The CSV is intended as a chain-of-custody artifact and is redacted on export: the PII text of each span is omitted. Instead, span entries include the span's location so you can correlate the entry back to the original document without leaking the PII value itself.

Columns:

Column Notes
timestamp ISO-8601 UTC instant
actor Email address of the user who performed the action (blank if system). The CSV always uses the email address; the JSON history endpoints (GET …/history and GET …/spans/{id}/history) use the MongoDB user ID by default — pass ?resolveActors=true (admin only) to receive email addresses there instead.
action The action code (e.g. SPAN_UPDATE, DOCUMENT_INGEST)
resourceType Document or Span
resourceId The document or span ID
spanType PII type — populated only for span entries
spanCharacterStart Inclusive start offset in the document text (span entries)
spanCharacterEnd Exclusive end offset in the document text (span entries)
spanPage 1-based page number for PDF documents (span entries)
details The per-action details map, JSON-encoded in a quoted field

spanText is never present in the CSV. If you need to correlate an entry back to the actual PII value, do so against your secured copy of the original document using the character offsets and page number.

LLM-as-a-Judge events

Every call that sends document content to an Ollama instance produces a DOCUMENT_PII_SENT_TO_LLM entry. The event is written before the HTTP request leaves Arbiter so the record exists even when Ollama is unreachable or returns an error.

Field in details Content
instanceId MongoDB ID of the Ollama instance
instanceName Display name of the Ollama instance
model Model name sent to Ollama (e.g. llama3)
spanCount Number of PII spans included in the prompt (Explain calls only)
spanId ID of the span being evaluated (Second Opinion calls only)
spanType PII type of that span (Second Opinion calls only)

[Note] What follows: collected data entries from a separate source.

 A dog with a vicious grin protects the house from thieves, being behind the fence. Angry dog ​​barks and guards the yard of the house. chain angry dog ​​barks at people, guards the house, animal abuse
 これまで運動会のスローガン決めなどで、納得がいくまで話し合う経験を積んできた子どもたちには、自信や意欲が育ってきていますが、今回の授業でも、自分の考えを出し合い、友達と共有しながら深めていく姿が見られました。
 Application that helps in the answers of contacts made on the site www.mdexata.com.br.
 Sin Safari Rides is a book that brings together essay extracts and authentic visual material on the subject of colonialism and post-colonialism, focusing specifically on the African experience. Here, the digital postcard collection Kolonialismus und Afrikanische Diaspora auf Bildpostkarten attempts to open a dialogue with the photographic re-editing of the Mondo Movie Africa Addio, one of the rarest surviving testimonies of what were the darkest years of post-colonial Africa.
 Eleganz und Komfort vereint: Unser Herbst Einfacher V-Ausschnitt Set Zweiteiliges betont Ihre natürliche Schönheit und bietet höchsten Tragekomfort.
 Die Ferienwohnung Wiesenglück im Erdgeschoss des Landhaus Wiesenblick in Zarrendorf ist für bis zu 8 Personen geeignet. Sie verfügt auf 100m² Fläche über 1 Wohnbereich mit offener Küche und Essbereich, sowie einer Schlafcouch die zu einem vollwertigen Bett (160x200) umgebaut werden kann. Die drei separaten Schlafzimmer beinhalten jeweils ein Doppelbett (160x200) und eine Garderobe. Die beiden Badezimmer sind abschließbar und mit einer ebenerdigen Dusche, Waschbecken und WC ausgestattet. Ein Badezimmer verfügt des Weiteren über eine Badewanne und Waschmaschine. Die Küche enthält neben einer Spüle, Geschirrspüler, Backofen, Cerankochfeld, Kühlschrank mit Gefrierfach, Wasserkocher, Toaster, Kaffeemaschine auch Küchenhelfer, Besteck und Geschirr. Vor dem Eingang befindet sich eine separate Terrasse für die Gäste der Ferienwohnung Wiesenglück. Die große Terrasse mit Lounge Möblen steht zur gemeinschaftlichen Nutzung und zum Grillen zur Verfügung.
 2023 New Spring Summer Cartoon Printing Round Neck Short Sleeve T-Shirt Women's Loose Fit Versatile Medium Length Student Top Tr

The resource type is always Document and the resource ID is the parent document's ID — even for Second Opinion calls, which originate from a span — because the full document text is always included in the prompt.

Ollama logging

Arbiter sends the full unredacted document text and all PII span values to Ollama in the request body. Ollama must be deployed with request-body logging disabled. If OLLAMA_DEBUG=1 is set or your Ollama deployment forwards request bodies to an external logging sink, PII will appear in logs outside Arbiter's security boundary. See Admin → LLM-as-a-Judge for configuration requirements.

Storage and retention

Audit entries are stored in MongoDB and are indexed by timestamp, the actor's email, action, resource type, and resource ID so the Audit Log search remains fast as the collection grows. Arbiter does not automatically expire entries — set up a database-level TTL on the timestamp field or a periodic deletion job if you need bounded retention.

Failure modes

If writing an audit entry fails (e.g., MongoDB is unavailable for a moment), the action it describes still succeeds — the audit service swallows the exception and logs a warning. This trades audit completeness for application availability; review logs from the Arbiter process for any "Failed to write audit log entry" warnings.